Of course, as someone who is extremely close with family and friends, I talked to just about anyone who would listen to me regarding the question of whether or not to be tested. Although the process of “talking it out” was useful in so many ways, both intellectually and emotionally, when it came down to it, no other person truly understood my situation, my dilemma, my life, my health.
Family and friends certainly had particular investments, or fears, about my going through the testing process. At the young age of 24, many felt I should wait to be tested, until for example, I wanted to have children, as many young women at risk for HD decide to do. Many of my peers empathized with, and understood my need to “just know – one way or the other”; while older generations seemed to identify with the “what you don’t know can’t hurt you”.
After participating in a support group for people at risk for HD for many months, and participating in private therapy for many years, I came to the conclusion that to not know would be irresponsible to my own health. My father, who is now 64 years old and residing in a nursing home, is fed through a feeding tube, bathed by a nurse, and can no longer communicate with us, his family, his loved ones, did not have the opportunity to participate in clinical and research trials during the early stages of his illness. He was only diagnosed with HD after years of constant depressive symptoms and digestive problems, when finally more persistent physical and cognitive symptoms led his doctors to consider neurological testing.
My father is one of 10 children, from a family in South America, where the illness is unknown to many who suffer from it. My father did not even know he was at risk for HD, as both of his parents died at early ages from other illnesses, it is still not known to our family which of his parents carried the gene. My father did not have access earlier treatment, counseling, research.
This notion - that maybe if we had known about HD in the family prior to the manifestation of his symptoms, then maybe he could have received earlier treatment, and maybe he would have had more time as himself, a man with a great sense of humor; a soccer player; a father; a friend – is what drove me to pursue genetic testing for myself. I realize my notion of maybes is childlike and wishful, but for me, for my own health, it isn’t at all.
If I waited until the symptoms of HD began to manifest in my mind and body, if I waited until I was, a guess, 40 years old, to find out if I had Huntington’s Disease, I would not have been able to participate in the numerous and ever growing clinical and research trials. Maybe, again maybe, the outcome of my illness would not be affected by an early detection. But maybe, my participation in clinical and research trials might help the hundreds of dedicated doctors, psychiatrists, social workers and researchers move toward finding a cure. The decision became more simplified. If I know I have HD, I can do something about it, for myself or for others. If I don’t know, I can’t do anything to help myself.
My wonderful and supportive fianc? (at the time, he is now my wonderful and supportive husband) never once asked me to pursue or not pursue the genetic testing.
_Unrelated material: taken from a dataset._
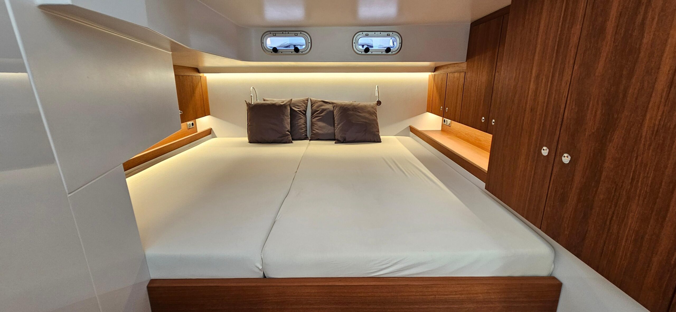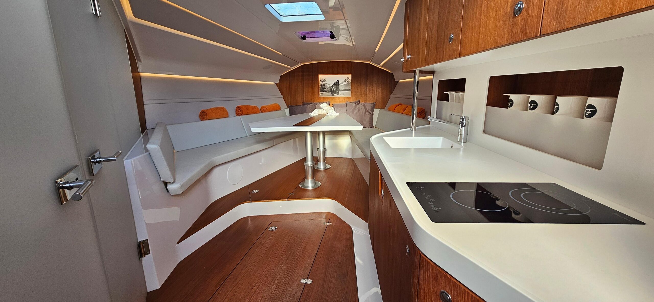 The open plan configuration makes the cabin area extra spacious. It comfortably accommodates 4 people in two spacious double cabins and has a spacious bathroom. It is equipped with a large refrigerator and a sofa in the living room, a powerful hot/cold air conditioning and an upgrade to the sound system.

He understood what an utterly personal and difficult decision genetic testing can be and was respectful of my decision, either way. I still do not know if he wanted me to complete the genetic testing process, as he never shared with me his own questions or fears, he only helped me process my own.
Of course I worried constantly, although most likely irrationally, that he would leave me if I tested positive for HD, that our dreams of having a family together would be washed away with a positive result. Of course I feared what it would be like to know that one day I would become so sick that I would not be able to recognize or communicate with my own family and loved ones. I worried that a positive result would prohibit me from doing all things I wanted to do in life, that somehow I would stop living in that moment.
But I feared more what it would be like to spend my entire life wondering when the symptoms would manifest. Every time I missed a step, every time I coughed while swallowing, every time I felt depressed, I thought, is it coming? I felt that I could not live my life in the unknown, in constant fear and questioning.
My husband and I also decided that we wanted to have children together, and realized that if I tested positive, while time may not have been on our side, we still had options. I decided to begin the testing process with my husband’s support; however we did not inform our family and friends until the later stages of the process.
With every appointment, I agonized, lost sleep; however, I continued because I needed to know. My husband and I were getting married, and I wanted us to stand beside each other in front of our family, friends, and God, prepared to begin our lives together with a positive or negative HD result. I stopped thinking about what my family and friends wanted to me to do, and started thinking about myself.
In March 2007, on a cold and rainy day, after days of no sleep and little appetite, I went to the HD clinic to receive my test results. A few hours later, white eating pancakes in a diner with my husband, we called my father to tell him that I do not have Huntington’s disease – and that moment is what I will keep with me.